*** Opening Supplied material ***

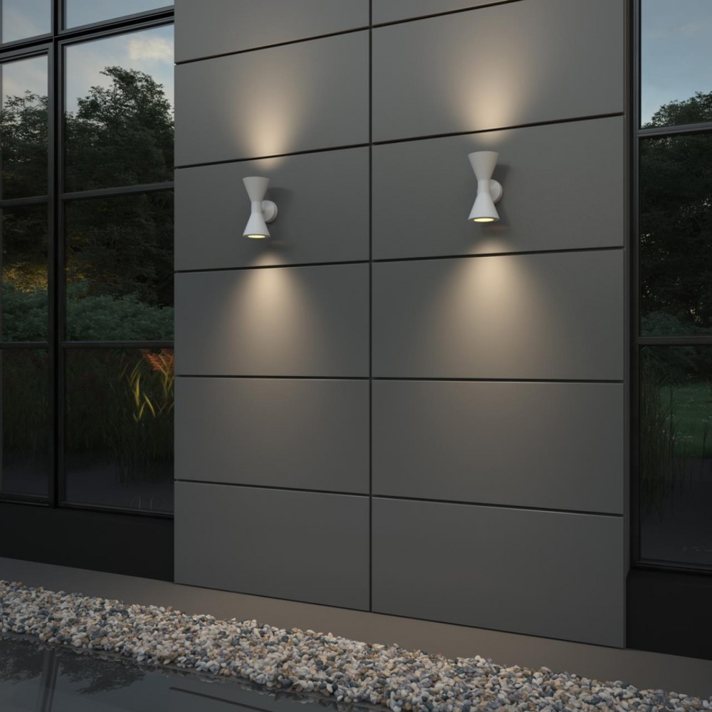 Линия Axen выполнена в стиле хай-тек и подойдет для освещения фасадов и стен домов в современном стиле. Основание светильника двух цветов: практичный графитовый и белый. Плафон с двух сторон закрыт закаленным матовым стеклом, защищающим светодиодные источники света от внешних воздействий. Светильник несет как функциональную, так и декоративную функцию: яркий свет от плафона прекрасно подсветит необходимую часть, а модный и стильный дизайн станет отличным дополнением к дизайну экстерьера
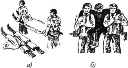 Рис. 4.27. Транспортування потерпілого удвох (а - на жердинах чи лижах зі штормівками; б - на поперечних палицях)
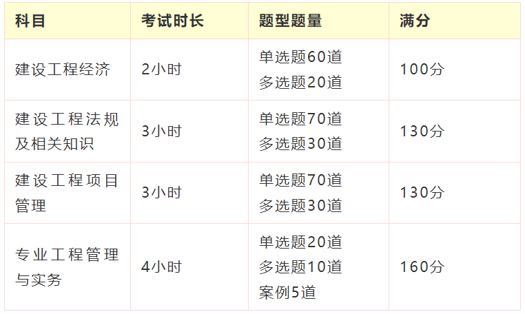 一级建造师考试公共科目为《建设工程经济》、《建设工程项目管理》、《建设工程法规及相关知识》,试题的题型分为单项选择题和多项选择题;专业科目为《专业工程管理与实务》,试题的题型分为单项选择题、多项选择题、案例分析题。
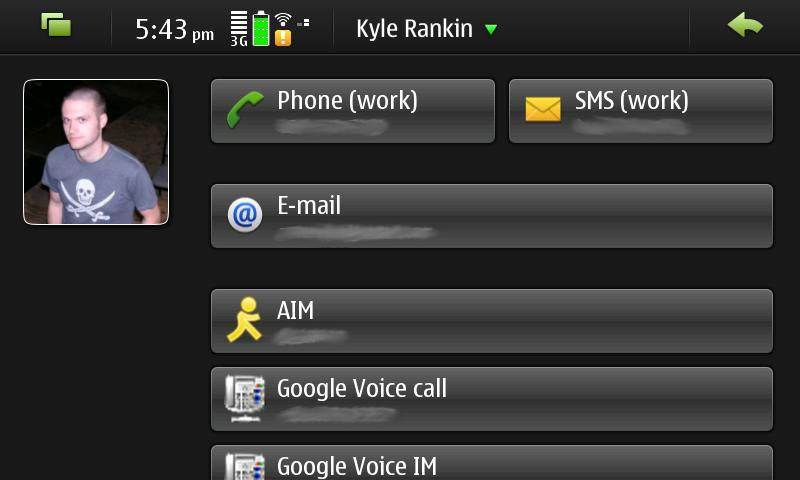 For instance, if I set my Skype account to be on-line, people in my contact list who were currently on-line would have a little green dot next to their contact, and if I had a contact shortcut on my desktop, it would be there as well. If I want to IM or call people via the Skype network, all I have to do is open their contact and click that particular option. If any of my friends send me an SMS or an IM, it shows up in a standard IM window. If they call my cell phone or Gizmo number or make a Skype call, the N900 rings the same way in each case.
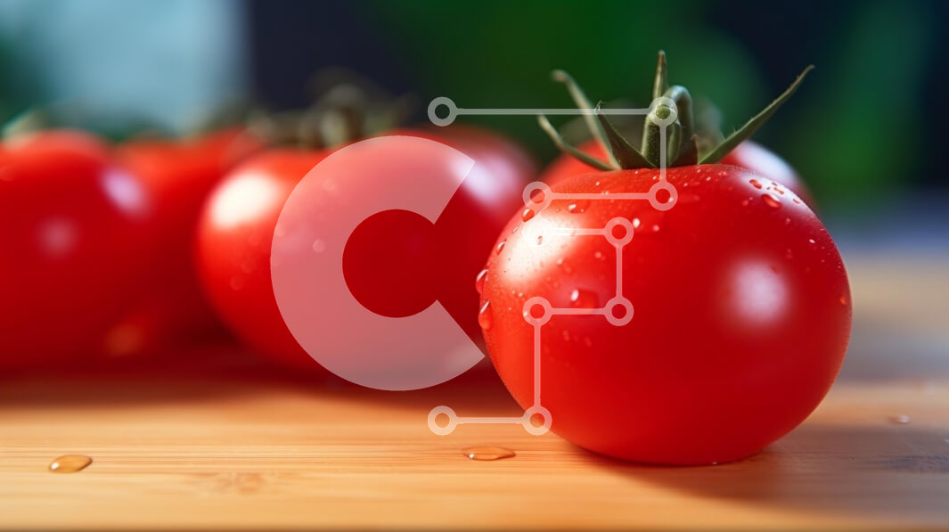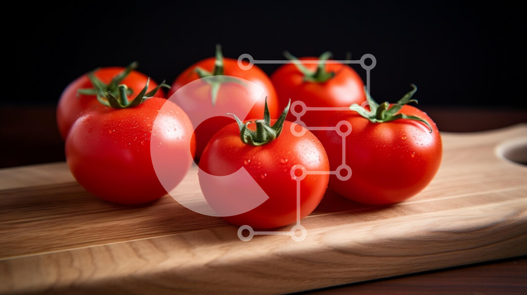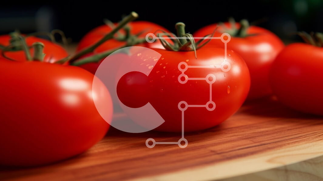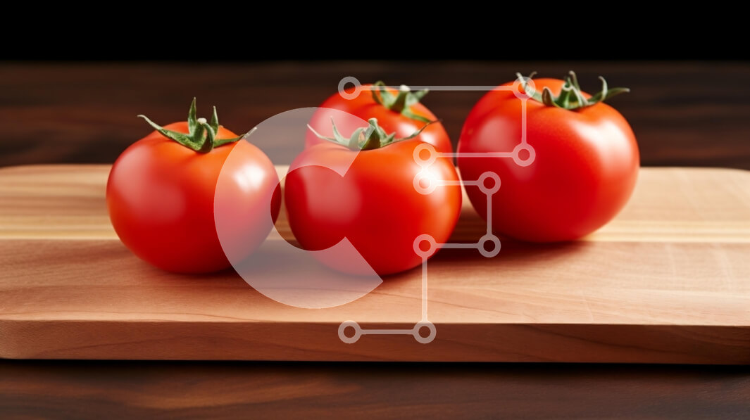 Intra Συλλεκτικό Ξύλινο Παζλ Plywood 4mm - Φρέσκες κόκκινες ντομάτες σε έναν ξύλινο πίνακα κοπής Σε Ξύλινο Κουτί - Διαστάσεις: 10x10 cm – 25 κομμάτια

*** Closing Supplied material ***

Problem statement:
Copy the lines above exactly, starting at the one with "Рис. 4.27. Транспортування" and ending at the one with "For instance, if", both included. Leave out any pictures and add nothing else.

Answer to this problem:
 Рис. 4.27. Транспортування потерпілого удвох (а - на жердинах чи лижах зі штормівками; б - на поперечних палицях)
 一级建造师考试公共科目为《建设工程经济》、《建设工程项目管理》、《建设工程法规及相关知识》,试题的题型分为单项选择题和多项选择题;专业科目为《专业工程管理与实务》,试题的题型分为单项选择题、多项选择题、案例分析题。
 For instance, if I set my Skype account to be on-line, people in my contact list who were currently on-line would have a little green dot next to their contact, and if I had a contact shortcut on my desktop, it would be there as well. If I want to IM or call people via the Skype network, all I have to do is open their contact and click that particular option. If any of my friends send me an SMS or an IM, it shows up in a standard IM window. If they call my cell phone or Gizmo number or make a Skype call, the N900 rings the same way in each case.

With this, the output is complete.